2.3. Specimen Fabrication

Plaques of CYCOM^® 977-3 epoxy were fabricated by mixing epoxy in a FlackTek SpeedMixer DAC 150.1 FVZ (FlackTek, Inc., Landrum, SC, USA), which is a planetary centrifugal mixer and is shown in Figure 1. Each of 2 SpeedMixer cups (100 g capacity) were charged with 70 g of neat epoxy resin. The cups of resin were heated to 100 °C in a Fisher Isotemp 282A (Fisher Scientific, Hampton, NH, USA) vacuum oven and held for 30 min at atmospheric pressure. Then, the cups of resin were mixed in the SpeedMixer at 100 °C for 1 min at 1750 rpm, 2 min at 2500 rpm, and 1 min at 3000 rpm. Then the cups were placed back in the oven at 100 °C and at atmospheric pressure for 10 min. Three zirconium mixing cylinders (1 cm diameter, 1 cm height) were added to each cup, and the mixing cycle (1 min at 1750 rpm, 2 min at 2500 rpm, and 1 min at 3000 rpm) was repeated once.

Neat resin was then degassed in the vacuum oven at 100 °C and held for 10 min at 101 kPa vacuum. The resin was degassed for 30 min at 100 °C by alternating between atmospheric pressure and 101 kPa vacuum. Then, 101 kPa vacuum was applied to a vacuum chamber for an additional 2 h. Then, the resin was removed from the oven to cool at 23 °C and was then placed in the freezer at −18 °C until the plaques were manufactured.

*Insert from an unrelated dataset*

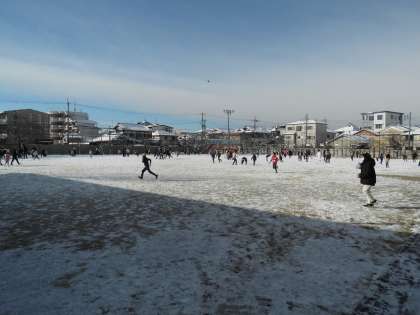 子どもたちは雪が積もっていて,大喜びです。

Neat epoxy plaques were manufactured using a Wabash Vantage Series Model V75H-18-CLX (Wabash MPI Carver, Wabash, IN, USA) compression molding press. All steel from the tooling assembly was sprayed with Mann Ease 2300 (Mann Release Technologies, Macungie, PA, USA) release compound. Frozen pieces of degassed resin were placed in a 20 cm × 20 cm steel chase that sat on the bottom half of the steel assembly. The steel chase generated 15 cm × 25 cm plaques that are 3.2 mm thick. The tooling assembly was vacuum bagged at 101 kPa vacuum and placed in the compression molding machine and pressed with 10 kN force. The compression molding machine was heated to 100 °C at 101 kPa vacuum pressure and held for 20 min. Platens were then ramped to 130 °C and held for 30 min at 130 °C. The platen temperature was then ramped to 177 °C, and 25 kN was applied and held at 177 °C for 6 h. Platens were cooled with air and water from 177 °C to 150 °C. Cooling air was turned off, and water cooling continued from 150 °C to 30 °C. The pressure was released, and the assembly was removed. Test samples were cut from the plaque.

Plaques of as-received CNT/epoxy were fabricated by mixing MIRALON^® pulp with epoxy in a SpeedMixer to achieve target CNT concentrations (0.4 wt%, 0.8 wt%, 1.5 wt%, 2.0 wt%, and 3.0 wt%). Each of 2 SpeedMixer cups were charged with 70 g of neat 977-3 resin. The appropriate amount of MIRALON^® pulp was added to each cup to produce the target formulation of CNT/epoxy. The same method was used to mix, degas, and compression mold as-received CNT/epoxy composite plaques as was described above for the neat epoxy plaques.

Plaques of epoxy composites made with CNTs treated with nitric/sulfuric acid mixture at 23 °C and with 2.5 M nitric acid at 90 °C were fabricated using the same method as described for as-received CNT/epoxy composites described above. Plaques of epoxy composites made with CNT pulp treated with 10.0 M nitric acid at 120 °C were fabricated by sonicating 30 g of MEK and 0.28 g of treated CNTs in each of two test tubes in the Branson sonicator for 2 h at 40 Hz. Then 70 g of epoxy resin was combined with the MEK/CNT suspension in each of 2 SpeedMixer cups and mixed in the SpeedMixer at 23 °C for 10 min at 1750 rpm and 2 min at 2500 rpm. The mixture was put in an oven at 100 °C and 101 kPa of vacuum for 1 h with a liquid nitrogen cold trap to collect the MEK. Three zirconium mixing cylinders (1 cm diameter, 1 cm height) were added to each cup, and the mixing cycle (1 min at 1750 rpm, 2 min at 2500 rpm, and 1 min at 3000 rpm) was repeated once at 100 °C. The same method was used to degas and compression-mold the acid treated CNT/epoxy composites as was described above for the neat epoxy plaques.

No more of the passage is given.